• testing

PSAT 8/9

  • The PSAT 8/9 is a test for 8th and 9th graders that will help you and your teachers figure out what you need to work on most so that you’re ready for college when you graduate from high school. It tests the same skills and knowledge as the SAT, PSAT/NMSQT, and PSAT 10 — in a way that makes sense for your grade level.

    BENEFITS

    The PSAT 8/9 establishes a baseline measurement of your college and career readiness as you enter high school. It also gives you a chance to preview the SAT, PSAT/NMSQT, and PSAT 10 and connect to AP courses.

    View guides below for specific details on taking the test:

    Parent PSAT Guide | ENG
    Parent PSAT Guide | SPAN

MAP

  • You may be familiar with paper and pencil tests where all students are asked the same questions and spend a fixed amount of time taking the test. Measures of Academic Progress® (MAP®), created by Northwest Evaluation Association™ (NWEA™), is different. MAP is a computer adaptive test, which means every student gets a unique set of test questions based on responses to previous questions.
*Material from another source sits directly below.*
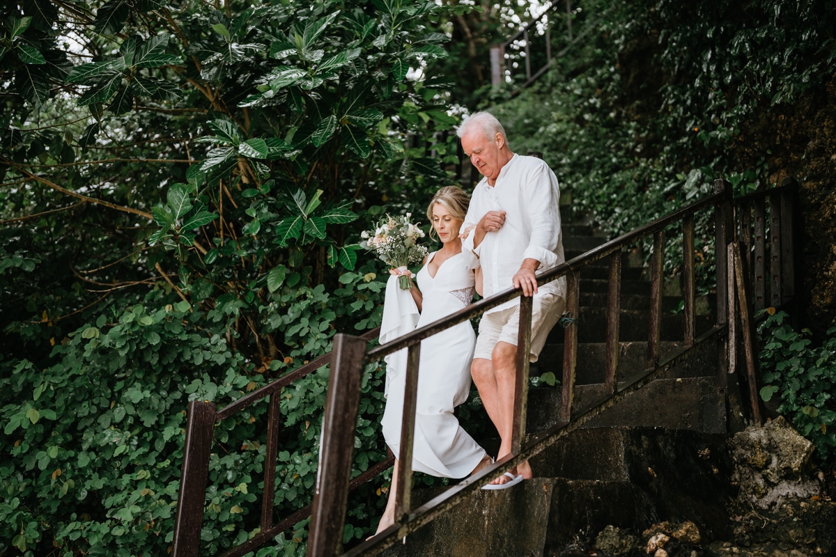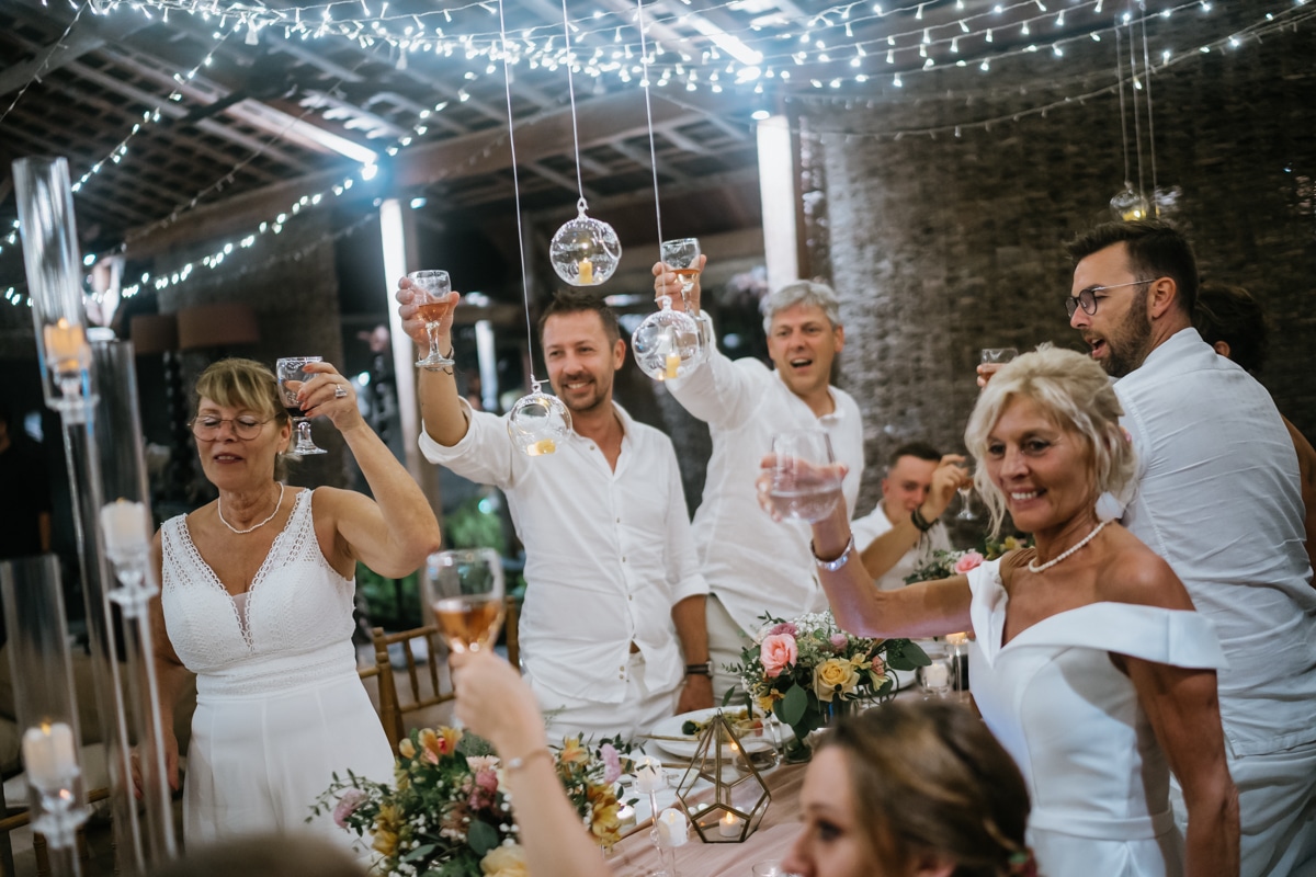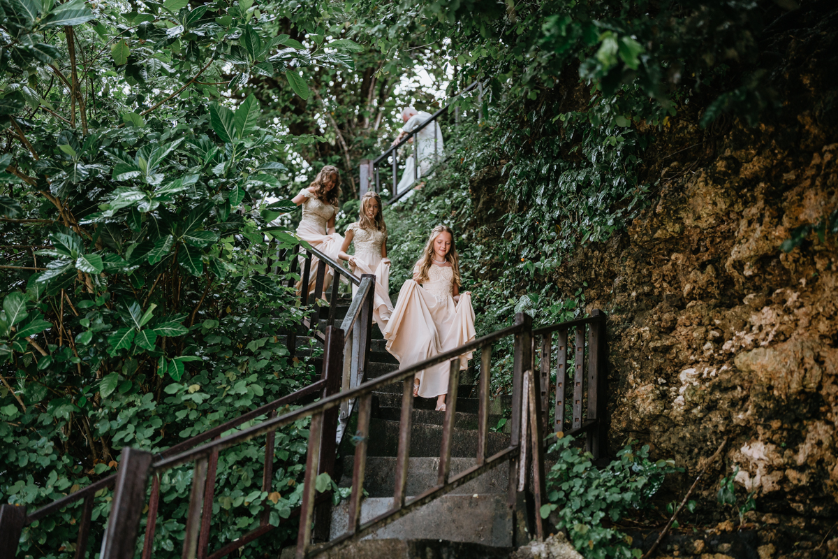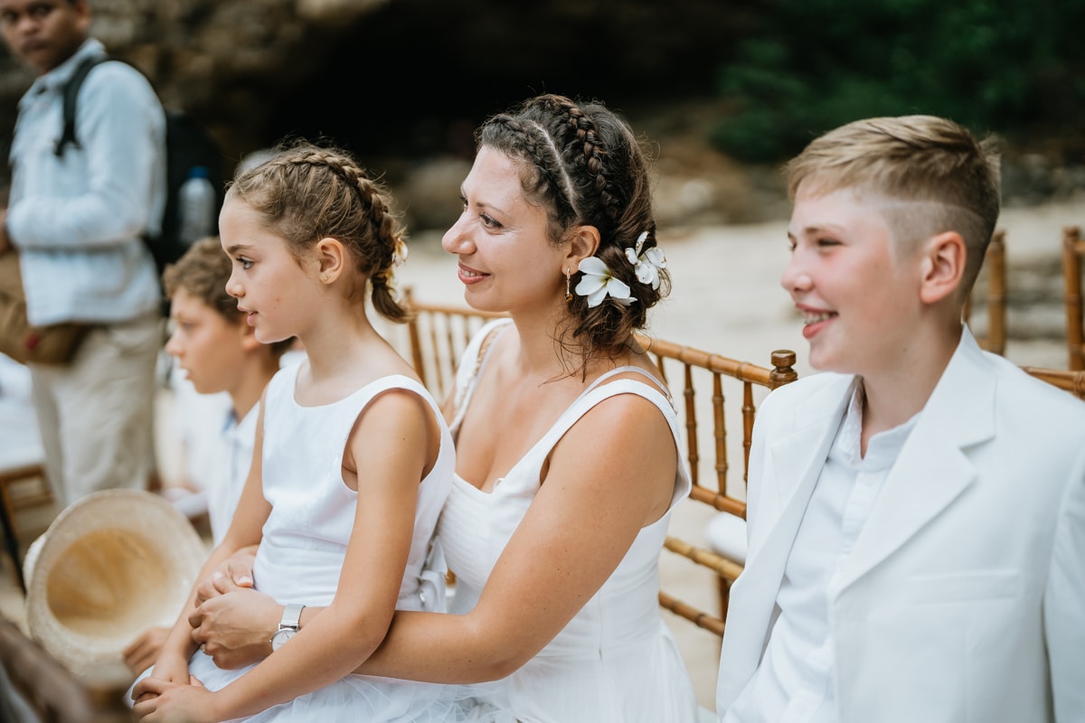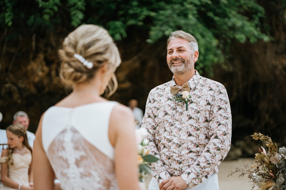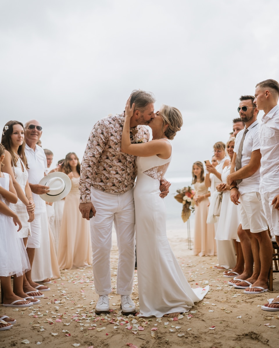 Une magnifique cérémonie avec la famille et les amis proches entre la plage de Balangan dans le sud de Bali suivi par un excellent diner dans une belle villa traditionnelle indonésienne.

As the student answers correctly, questions get harder. If the student answers incorrectly, the questions get easier. By the end of the test, most students will answer about half the questions correctly.
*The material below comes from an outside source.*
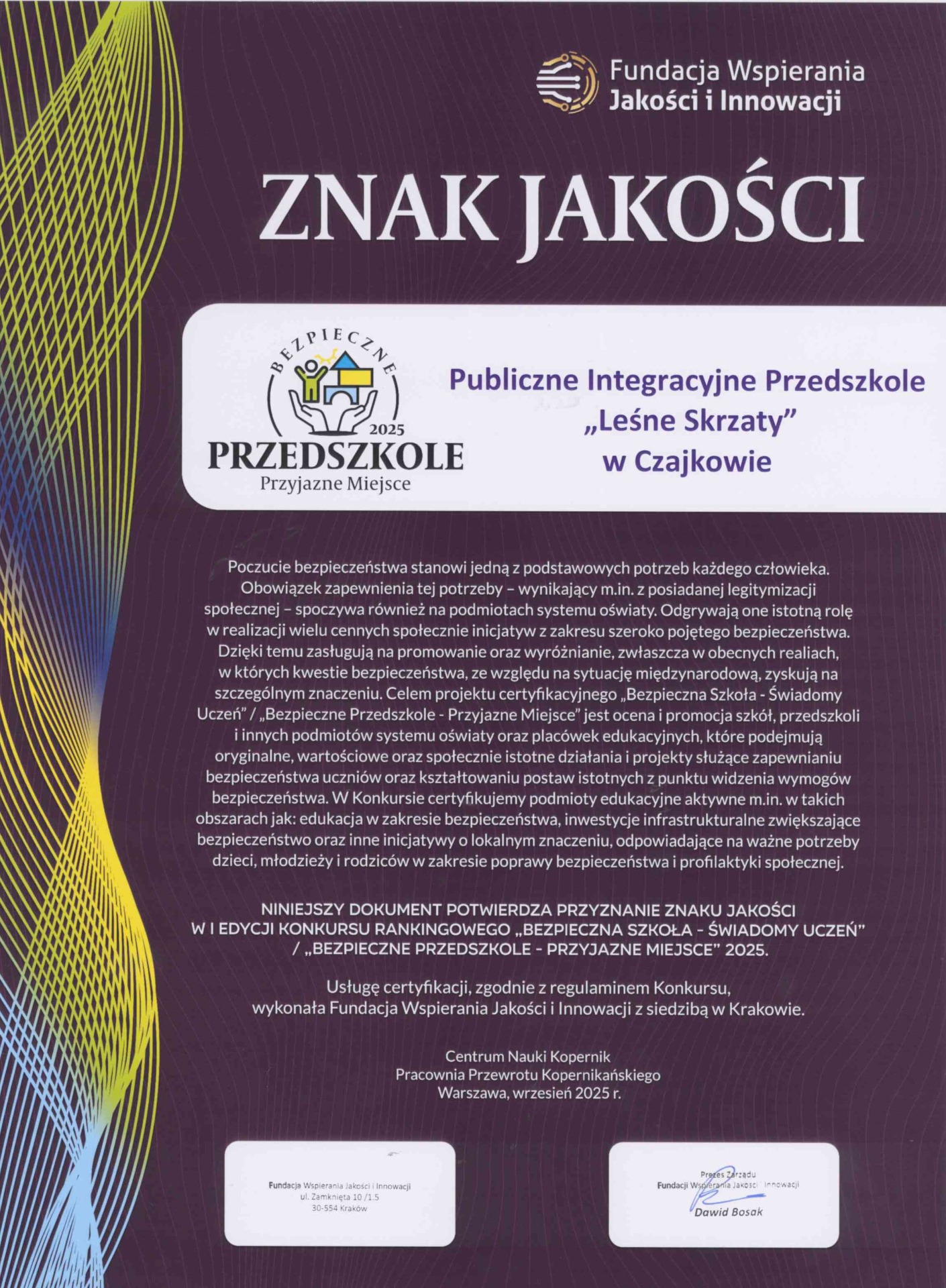 馃┓馃┓馃┓Z ogromn膮 dum膮 i rado艣ci膮 dzielimy si臋 wiadomo艣ci膮 o przyznanym naszemu przedszkolu 馃弳馃弳Tytu艂u i Znaku Jako艣ci馃弳馃弳. Nadanie certyfikatu w Ogólnopolskim Konkursie Rankingowym "Bezpieczne Przedszkole - Przyjazne Miejsce" organizowanym przez Fundacj臋 Wspierania Jako艣ci i Innowacji to wyraz uznania recenzentów - jurorów dla podejmowanych dzia艂a艅 i realizowanych projektów na rzecz Le艣nych Skrzatów w zakresie edukacji dla bezpiecze艅stwa, rozwoju infrastruktury bezpiecze艅stwa oraz wspó艂pracy z innymi podmiotami w tym zakresie.

    What does MAP measure?

    MAP results are provided as a numerical RIT score. This score is used to measure a student’s achievement level at different times of the school year and compute growth. Think of this like marking height on a growth chart. You can tell how tall your child is at various points in time and how much they have grown between one time and another.

    What is a RIT score?

    After each MAP test, students receive a RIT score. Think of the score as a student’s height. The score reflects the student’s academic knowledge, skills, and abilities like inches reflect height.
    The RIT (Rasch Unit) scale is a stable, equal-interval scale, like feet and inches. Equal-interval means that a change of 10 RIT points indicates the same thing regardless of whether a student is at the top, bottom, or middle of the scale, and a RIT score has the same meaning regardless of grade level or age of the student. Scores over time can be compared to tell how much growth a student has made, similar to measuring height with a ruler.
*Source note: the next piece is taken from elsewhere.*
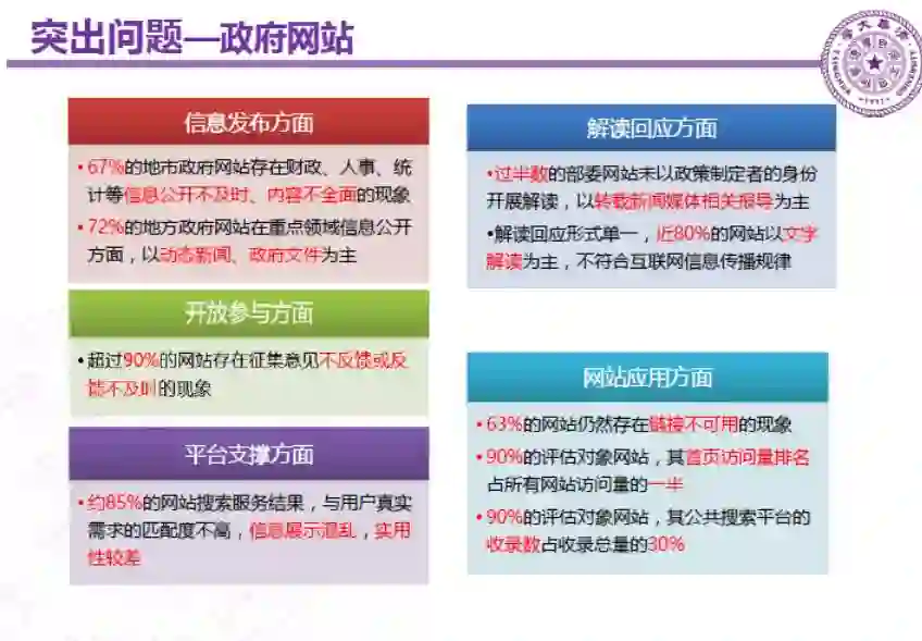 团队从全国3万多个政府网站中抽取了认为做的较好约400到500个网站,从信息发布、解读回应、开放参与、平台支撑、网站应用五个纬度进行绩效评估,发现了亮点,也找到了存在的问题。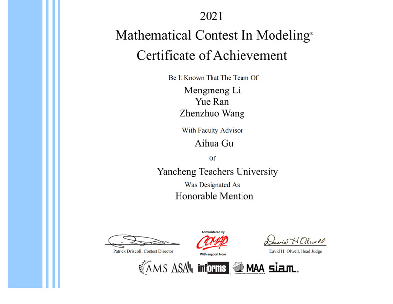 近日,2021年美国大学生数学建模竞赛(MCM/ICM)成绩已在其官网公布,在疫情防控的严峻形势下,在国际一等奖(M奖)和国际二等奖(H奖)获奖比例减半的新规则下,beat365学子迎难而上,共5支参赛队伍喜获国际二等奖(Honorable Mention),其中数学与统计学院1支队伍、信息工程学院4支队伍获奖。

    View guides below for more info:

    RIT Reference Charts-Examples
    General MAP Guide

    Parent MAP Guide

PARCC

  • Most states voluntarily adopted new, more rigorous academic standards in 2010 and 2011 and teachers have been using them since then in their daily instruction. As a result, states needed high-quality assessments aligned to those standards that would test students of all achievement levels on what they are learning.

    Many of the old state tests measured only lower-level skills. The new assessments serve as an "educational GPS system," measure students’ current performance, and point the way to what students need to learn by graduation so they are ready for college and/or a career.